Thursday, March 15, 2012

'21 Jump Street' Movie Review


In the year of our lord two-thousand-and-twelve, did anyone expect there to be a
“21 Jump Street” movie? Were people clamoring for a “21 Jump Street” movie? Has some obscure cable network been playing re-runs of the 80s teen cop drama, stirring up a rabid underground network of fans chanting “Jump Street”, “Jump Street”, “Jump Street”? And what’s more, possibly the biggest of these questions, did anyone actually expect “21 Jump Street” to be really good? Because it is. I’m as surprised as anyone. I anticipated a complete and utter disaster, but it’s serious laughs from beginning to end.

“21 Jump Street” walks a delicate line of being self-aware and self-deprecating without being obnoxious. It knows exactly what it is, an unnecessary rehash, and pokes fun at itself every perfectly paced step of the way. But you don’t watch it thinking it’s another one of those movies painfully reflexive movies. It’s like the filmmakers can’t believe they made a “21 Jump Street” movie either, and they’re totally going to mock themselves for it. This is the best popcorn movie of the year so far. And for a big, dumb movie, “21 Jump Street” is not only hysterical, it’s much more clever than you initially suspect.

“Jump Street” takes the conventions and tropes of teen films and cop movies and turns them on their ear. There’s nothing earth shattering or astonishing, but the film take things you’ve seen 1000 times and tweaks them in small ways so you don’t feel like you’re watching something you’ve seen 1000 times, even though you are. There are high-speed car chases, epic high-school parties, an undercover cop in too deep, and a gearing up for the final battle scene. Hell, there’s even a slow motion shot of doves flying away as the good guys walk with grim determination. That’s been done to death, and mocked to death, but “21 Jump Street” approaches it in a way that makes it fresh and funny and that works.

The story isn’t much to anyone familiar with the show: two rookie cops, Jenko (Channing Tatum) and Schmidt (Academy Award Nominee Jonah Hill—if I were him I would require people to refer to me as that every time I was about to drop a fart joke), blow their first bust. Because they look like twelve-year-olds they get bounced to a covert unit that places undercover officers in high schools, located at the eponymous 21 Jump Street. As the chief (Nick Offerman) says, they can’t come up with anything original, and this is some “recycled shit from the past.” Back in the day Jenko was super popular while Schmidt was a chubby, Eminem-looking outcast. However, things have changed since they roamed the hallways. Now the cool kids care, they study, they love the environment and comic books, and the two best buds find their former roles reversed in this brave new world.

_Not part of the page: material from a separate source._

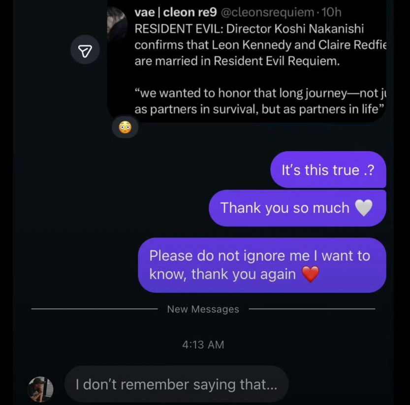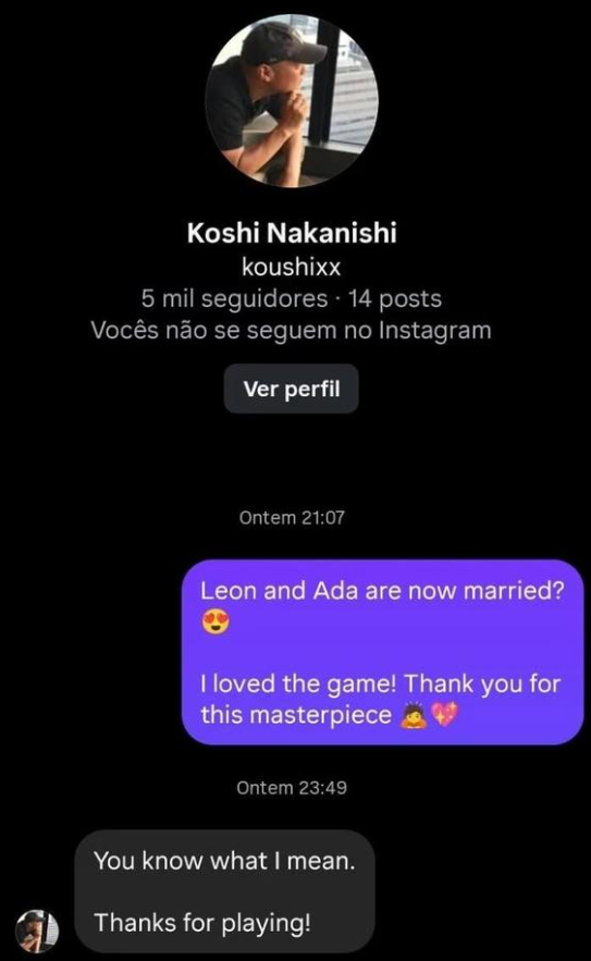 近日,有玩家在Instagram上向本作制作人中西晃史提问,询问里昂是否与艾达·王结婚。该玩家表示:“里昂和艾达现在结婚了吗?我爱这个游戏!谢谢你创作了这部杰作。”对此,中西晃史回应称:“你懂我的意思。”相关表态被部分玩家解读为一种开放式回答。

Hill’s stumbly awkward humor is personable and falls in a middle ground between his roles in “Moneyball” and “Superbad”. However, it’s Tatum that is the real surprise in “21 Jump Street”. I’ve always had a mysterious soft spot for him, but I’ve never known why until now. He totally plays off and against his one-note, meat head/bro persona with incredible results, and is stone hilarious. Tatum should really stick to comedy and avoid anything serious. He was terrible in “Son of No One” and “The Eagle”, but he was the one good part of “The Dilemma” when he played for laughs. Hill and Tatum have a great chemistry and timing; they simply work well together. You feel like you’re watching two good friends, and they have a handful of legitimately sweet moments together where the bond is obvious. Their connection helps the film transcend being just another silly, foul-mouthed comedy, even a clever one, and gives it a bit of heart.

Tatum and Hill make Jenko and Schmidt real, which anchors the movie and allows the supporting cast to fly around and get ridiculous when the need arises. Ice Cube plays the head of Jump Street in a way that both lampoons the “angry black captain” stereotype, and reminds you when Ice Cube was one of the scariest dudes on the planet (NWA era Cube was a bad, bad man). Brie Larson steals Schmidt’s heart, and a lot of scenes, as the adorable, sarcastic Molly, and Dave Franco kills it as Eric, the guitar-strumming kingpin who hocks a new designer drug called Holy Fucking Shit. Rob Riggle, Ellie Kemper, and Chris Parnell all pop up as teachers—each contributing to the running, you-don’t-look-like-high-school-kids gag.

As surprising as you might find this, “21 Jump Street” is a raucous, shockingly witty, great time at the movies. The funniest thing I’ve seen so far this year, you’ll want to get to the theater to see this. There are lots of reasons to watch “21 Jump Street”, but high on that list is that you can finally say, “well I’ll be damned, Channing Tatum really does deserve a career in movies.”